Je zult zien dat de melk zich al gaat splitsen in wrongel en wei.
7. Na 10 minuten snijden plaats je opnieuw een deksel op de emmer om vervolgens 2 minuten te laten staan. Daarna met een litermaat ongeveer 1/3 van de wei afscheppen. Zorg dat je alvast een emmer hebt klaarstaan met een zeef erop. De wei gaat door de zeef, zodat je de wrongel in de zeef kan opvangen en in een aparte emmer kun stoppen. De wei komt dus apart van de wrongel.
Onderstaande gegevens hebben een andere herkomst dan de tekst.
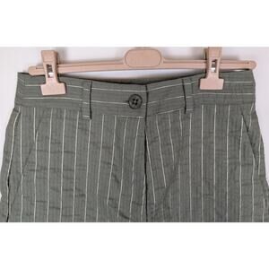 OZAI N KU Striped Wide Leg Bermuda Shorts M Olive Green M
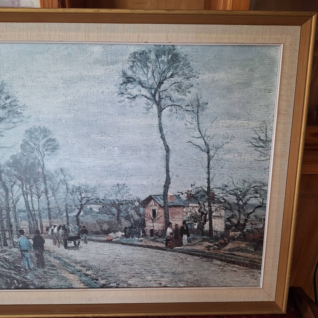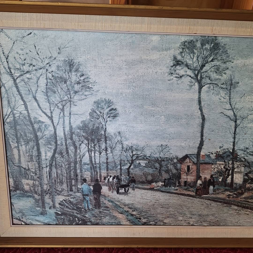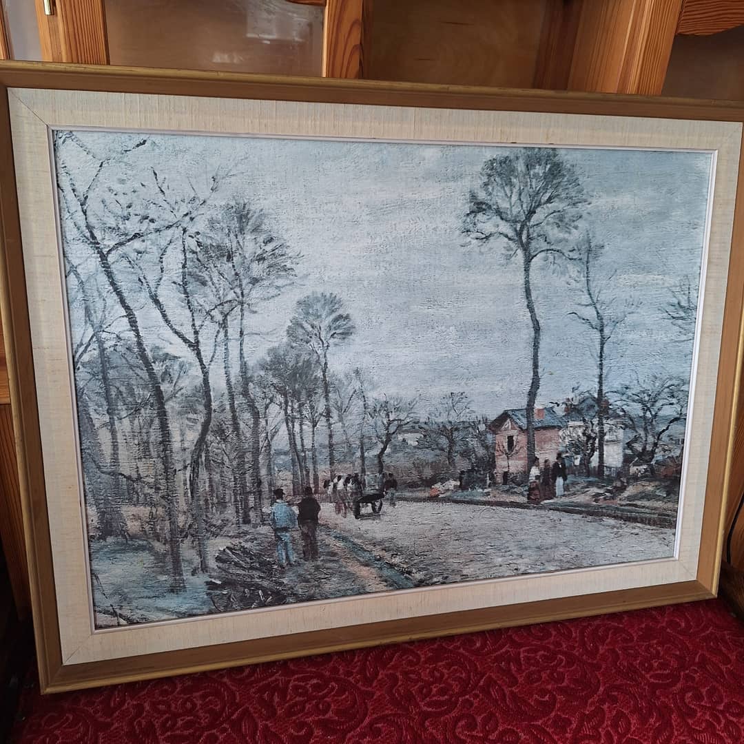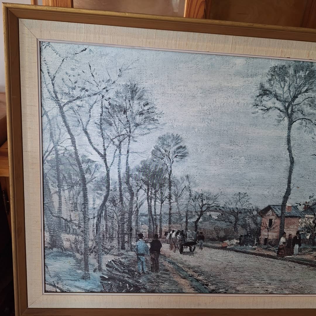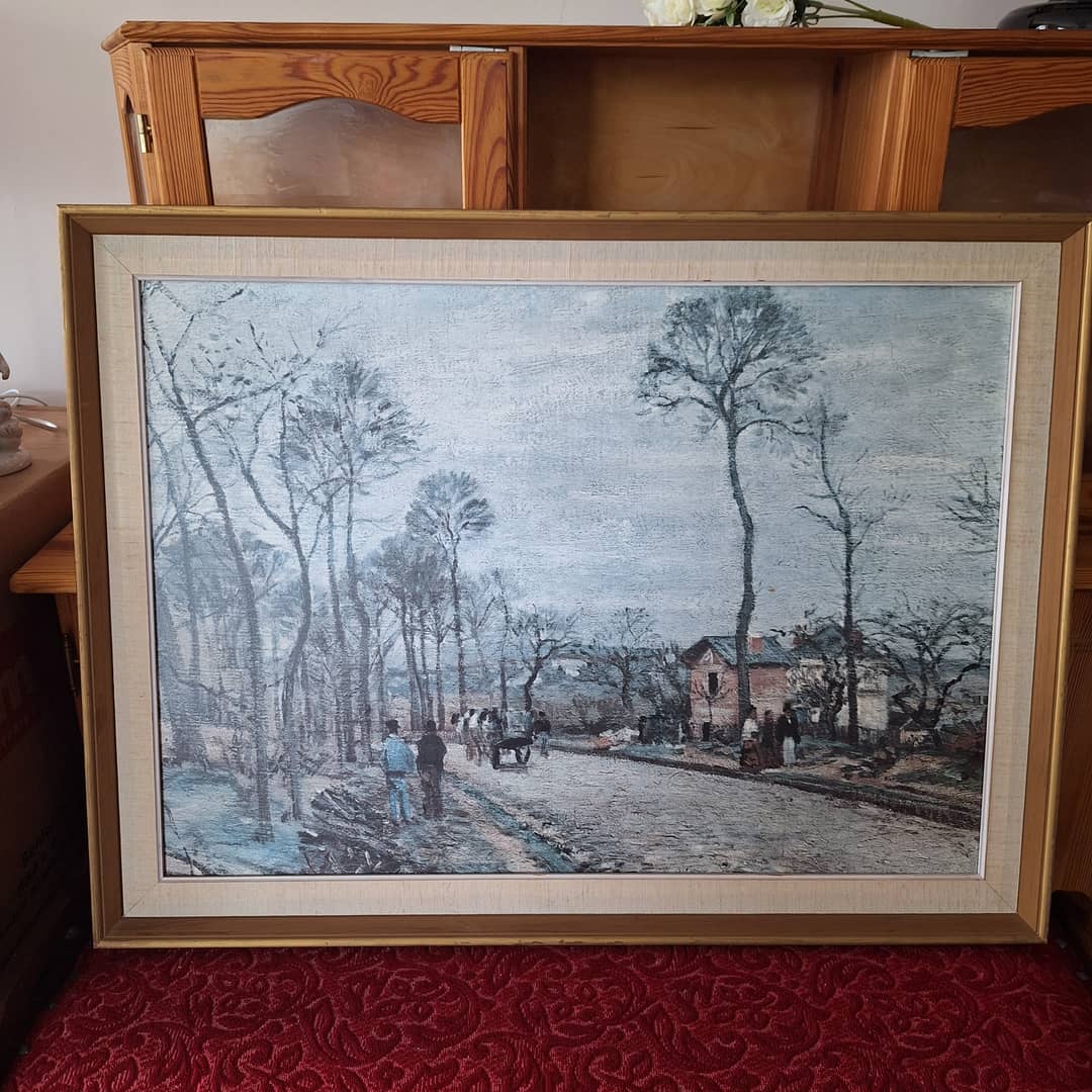 Obraz, druk na płótnie, reprodukcja francuskiego malarza Camillea Pissarro "Droga z Louveciennes. Wielkość 80/60 cm. Możliwy dowóz lub wysyłka. Cena 70 zł.

De wrongel gebruiken we, de 'wei' eigenlijk niet. De 'wei' kun je weg doen of opdrinken.
8. Voeg vervolgens schoon warm water aan de wrongel toevoegen. Het is belangrijk dat je al roerend de temperatuur goed in de gaten houdt.
Voeg net zoveel warm water toe totdat de wrongel een temperatuur heeft van 32 graden.
9. Roer opnieuw 10 minuten, maar nu met de botte kant van de wrongelsnijder. De massa moet wel in beweging blijven om de wei van de wrongel te doen blijven scheiden.
10. Daarna mag je het opnieuw afdekken met een deksel en 2 minuten laten staan. Om vervolgens weer 'wei' af te scheppen, maar de wrongelmassa moet wel onder blijven staan.
11. Dan weer warm water toevoegen, roeren en net zo veel warm water erbij doen tot de massa een temperatuur heeft van 36 à 37 graden.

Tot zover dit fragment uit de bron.